Growing up, I just obliviously thought that it was a generic process. You give yourself this much insulin every time you want to eat. Sadly, it is not that simple.
As a child, I watched my younger sister struggle as she was told she couldn’t just go eat candy with her friends, and it really made me realize how much more serious diabetes was than I thought. I spent my childhood, probably the same way as a lot of other kids, eating more candy than any small child should (sneaking candy or not). I’d go to sleepovers or birthday parties and eat pizza and, ‘carby’ foods until I couldn’t move; all without hesitation or second thought. To watch my own sister miss out on these “being a kid” type of things was disheartening.
Day to Day
One thing, besides the food aspect, that I believe gets overlooked is how many times you must hurt yourself. Every couple of hours you need to prick a finger to check your blood. Then, before or after you eat, you need to calculate your blood sugar levels and prick yourself again with insulin. This is what diabetics have to do in order to keep blood sugar levels in range. Then, of course, after you eat you must remember to double check your sugars a little while later to make sure you calculated correctly. Please keep in mind too, that even if you are not eating—you must still prick your finger again to be able to keep a good record of where your blood sugar levels are throughout the day.
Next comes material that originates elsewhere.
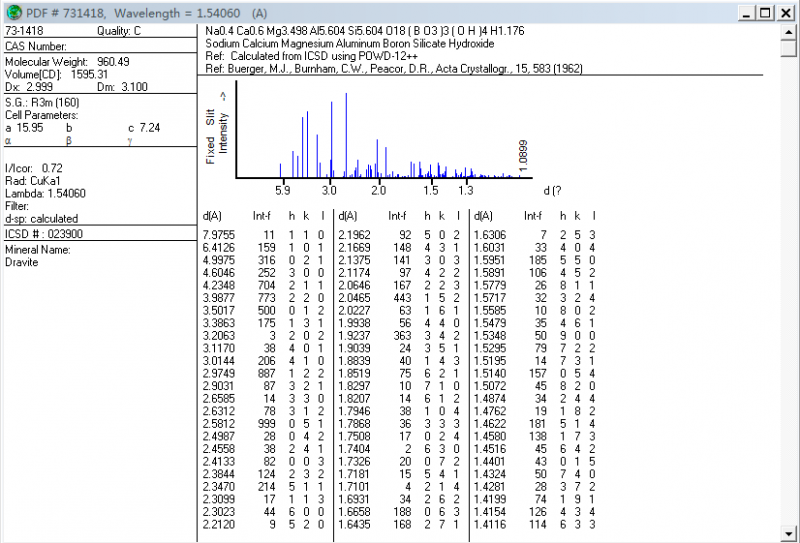 JCPDS卡片 430053 号 请问卡片中,其对应的hkl分别是什么啊,我的JADE上没有

Tired and ready for bed? You must prick yourself again to check your levels. Depending on your doctor’s advice, you may have to give yourself a shot before you go to bed. Seeing my sister struggle through adolescence, puberty, and even now, diabetes is A LOT of maintenance, to say the least. Thinking of how overwhelming it is as an outsider made me realize how much more tedious as well as physically and mentally demanding it must be as a fourteen-year-old.
Awareness for Loved Ones
My sister is now eighteen years old. She has learned to manage the trials and tribulations of this disease with courageous triumph. She has opened my eyes to the struggle, the truth, and the raw reality of diabetes.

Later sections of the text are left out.